Knowing that the food we eat needs to get to all parts of the body, and that blood carries it.

Example task

You eat a sandwich. How does the food get to your muscles and other body parts?

Model response: The food is broken down in your stomach and intestines into very tiny pieces. These tiny pieces go into your blood. The blood carries them to all the parts of your body that need them, like your muscles.

Developing

Understanding that nutrients are absorbed through the walls of the small intestine into the blood, and that the blood transports them to cells throughout the body.

Example task

Where exactly do nutrients from food enter the blood? How does the body get water from food and drink?

Model response: Nutrients enter the blood through the wall of the small intestine. The small intestine has a very large surface area with tiny finger-like projections that are surrounded by blood capillaries. Nutrients pass through the intestine wall into the blood. Water is mainly absorbed in the large intestine and also enters the blood. The blood then carries both nutrients and water to every cell in the body, where they are used for energy, growth and repair.

Expected

Linking the digestive system to the circulatory system, explaining how nutrients are absorbed, transported and used by cells, and how waste is removed.

Example task

Trace the journey of a piece of bread from your mouth to a muscle cell in your arm.
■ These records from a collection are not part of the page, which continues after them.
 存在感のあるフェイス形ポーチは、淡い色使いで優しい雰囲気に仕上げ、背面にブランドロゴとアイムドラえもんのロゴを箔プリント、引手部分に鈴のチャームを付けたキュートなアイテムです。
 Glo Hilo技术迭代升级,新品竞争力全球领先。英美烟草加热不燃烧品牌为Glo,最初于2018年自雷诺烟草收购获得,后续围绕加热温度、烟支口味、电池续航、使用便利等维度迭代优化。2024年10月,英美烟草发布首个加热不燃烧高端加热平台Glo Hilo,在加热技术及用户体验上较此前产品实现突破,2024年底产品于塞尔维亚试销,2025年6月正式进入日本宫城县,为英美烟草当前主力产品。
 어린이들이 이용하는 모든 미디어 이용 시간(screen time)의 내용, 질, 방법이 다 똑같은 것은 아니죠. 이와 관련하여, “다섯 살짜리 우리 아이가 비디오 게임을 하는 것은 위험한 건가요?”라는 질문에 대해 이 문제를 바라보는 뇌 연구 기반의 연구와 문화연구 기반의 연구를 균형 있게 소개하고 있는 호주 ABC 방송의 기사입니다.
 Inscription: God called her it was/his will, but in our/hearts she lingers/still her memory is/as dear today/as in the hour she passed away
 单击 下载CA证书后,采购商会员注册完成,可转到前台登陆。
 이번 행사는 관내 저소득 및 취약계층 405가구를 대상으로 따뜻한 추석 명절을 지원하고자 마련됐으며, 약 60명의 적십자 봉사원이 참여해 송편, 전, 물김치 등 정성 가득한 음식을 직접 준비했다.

Include both the digestive and circulatory systems.

Model response: 1. Mouth: bread is chewed into smaller pieces and mixed with saliva, which starts breaking down starch. 2. Oesophagus: food is squeezed down to the stomach by peristalsis. 3. Stomach: food is churned and mixed with acid and enzymes, breaking it down further. 4. Small intestine: enzymes complete digestion, breaking starch into glucose (a simple sugar). Glucose molecules pass through the intestine wall into blood capillaries surrounding the intestine. 5. Circulatory system: blood carries glucose through veins to the heart, then through arteries to the arm. 6. Capillaries in the arm muscle: glucose passes from the blood through the capillary wall into the muscle cell. 7. Muscle cell: glucose is combined with oxygen (from breathing) to release energy for the muscle to contract. The waste product (carbon dioxide) passes back into the blood and is carried to the lungs to be breathed out.

Greater Depth

Explaining why the small intestine is so well-adapted for absorption and comparing nutrient transport in the blood with oxygen transport.

Example task

The small intestine is about 6 metres long and has millions of tiny finger-like villi. Why has it evolved to be this way?
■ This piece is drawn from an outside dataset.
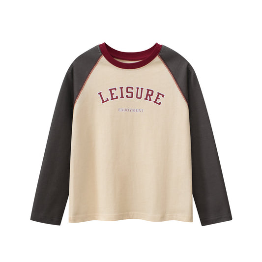 Spring Arrival Kids Letters Pattern Crew Neck Long Sleeves Color Patchwork Top
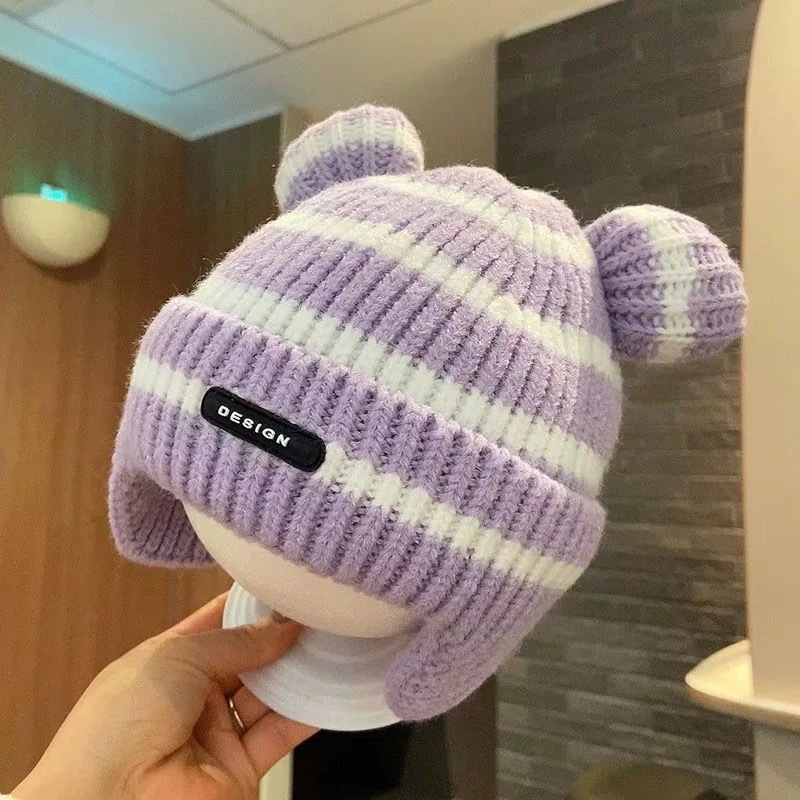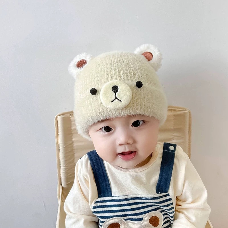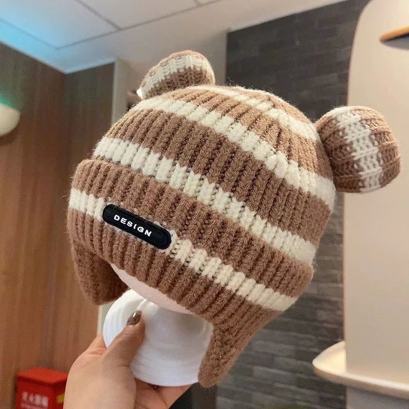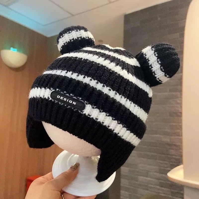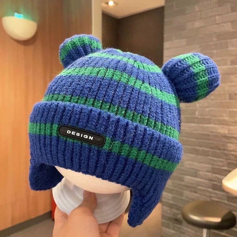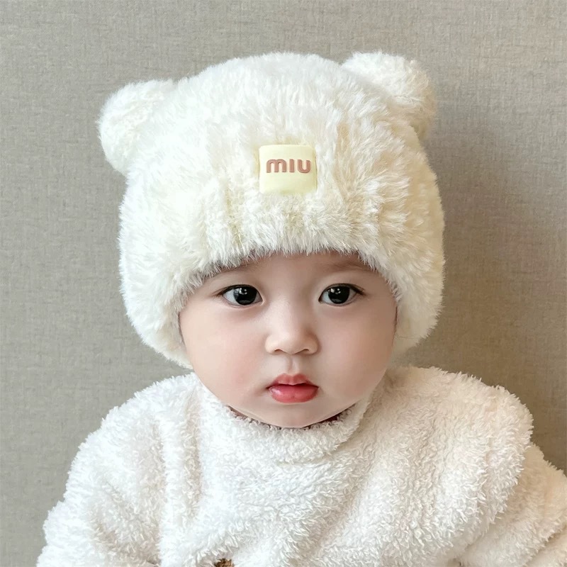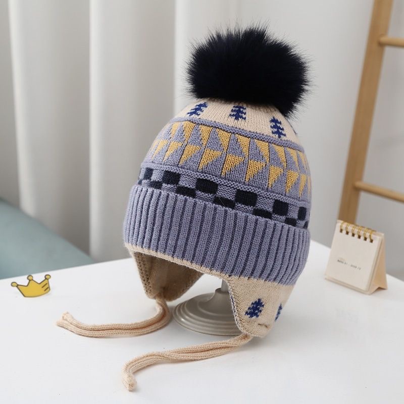 宝宝帽子秋冬款时尚毛球款护耳针织帽冬季男童女孩加厚保暖毛线帽

Model response: The small intestine needs to absorb as many nutrients as possible from digested food before it passes through. Its adaptations maximise absorption: (1) Length — 6 metres gives food a long time in contact with the absorbing surface. (2) Villi — millions of tiny projections increase the surface area enormously, like how a crumpled towel absorbs more than a flat one. (3) Thin walls — the villi walls are just one cell thick, so nutrients can pass through quickly into the blood. (4) Rich blood supply — dense networks of capillaries surrounding each villus carry absorbed nutrients away immediately, maintaining a concentration gradient that drives further absorption. These features work together: maximum surface area, minimum distance for absorption, and efficient removal of absorbed nutrients. This is a perfect example of structure-function relationship in biology — the organ's structure is precisely adapted to its function.

Delivery rationale

Science knowledge concept — factual content deliverable with visual representations and adaptive quizzing.